You expect these things to happen. And there were similar problems with CodeLink - so you have to have your finger on the pulse. So that's one of the downsides. At the beginning it was not that easy. If there's a new product, less of the computational software didn't deal with CodeLink at the beginning. So everytime there is a new product there are some issues.
Has it improved over time?
CodeLink has been very receptive. They are not developed like Affy, and they are not as smart as Agilent yet, but they have done a good job.
There's been a lot of talk about standardizing data, and some people have floated the idea of creating a metric for comparing data. Are these going anywhere or is this just talk at the moment?
Well people are talking and actually thinking about it, but here's my concern: If you take exactly the same Affy arrays, and ran experiments this week and next week, you are going to see differences.
And, we downloaded some of the big concert datasets two years ago and the simple stuff, like clustering, and one of the signals in the data was actually the dates that the experiments were run.

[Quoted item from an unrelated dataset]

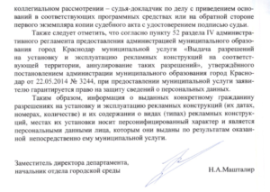 Само решение, которое к тому времени еще не появилось на сайте, Наталья присылать не стала, сославшись на то, что в нем находятся адреса рекламных конструкций, которые являются «персональными данными».
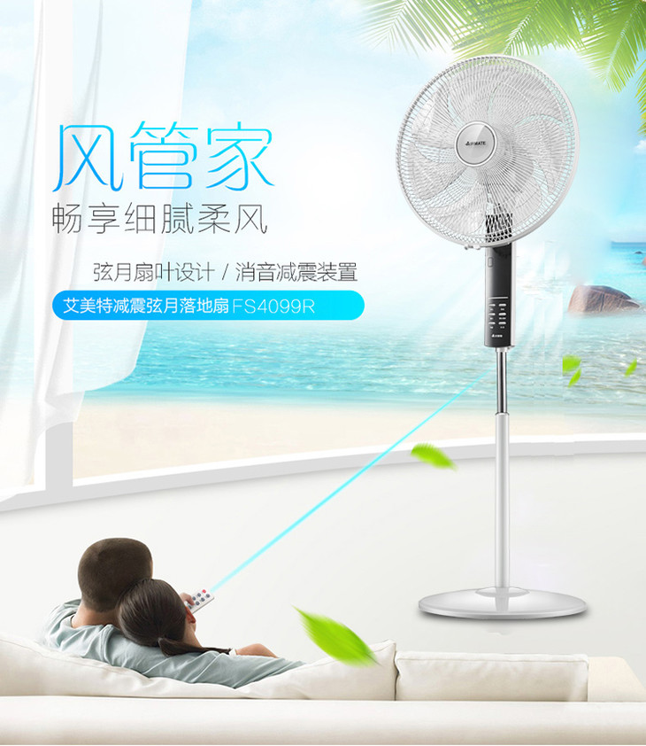 艾美特(Airmate)(507899) 家用电风扇7叶柔风遥控落地扇预约定时 FS4099R

What you have to pay attention to is the design of the experiments and then you can compare them. But anything that doesn't contain internal controls and some calibration methods won't work. So, for instance, one of the things that we do in my lab that is fairly simple, is whenever we run a batch of arrays from the same experimental set, we'll run one RNA as a calibrator. So we repeat the same sample on and on and on. This allows us to sort of get a feeling about the range of differences. So that's one way of doing it in a way that will be clinically relevant for what we are doing.
Do you think that core labs such as yours would be willing to switch platforms for a more affordable, newer chip, or do you think once you make your initial investment you are set with what you have?
Well, in the end, price determines everything. So for instance we are negotiating with Illumina, because their prices seem to be much lower than anybody else, and the other thing is because of their unique designs you can run several samples on the same chip therefore reducing batch effects, increasing high throughput. Instead of doing eight samples a day in the regular lab you can do 72. So I think pricing and the ability to upscale operations will determine a lot. Because when people compare head-to-head CodeLink, Agilent, and Affymetrix, the differences in terms of reproducibility were not that huge. I think in general for clinicians an open platform will be preferable. So slides that work with any scanner in the market are probably better than a unique slide that requires capital investment.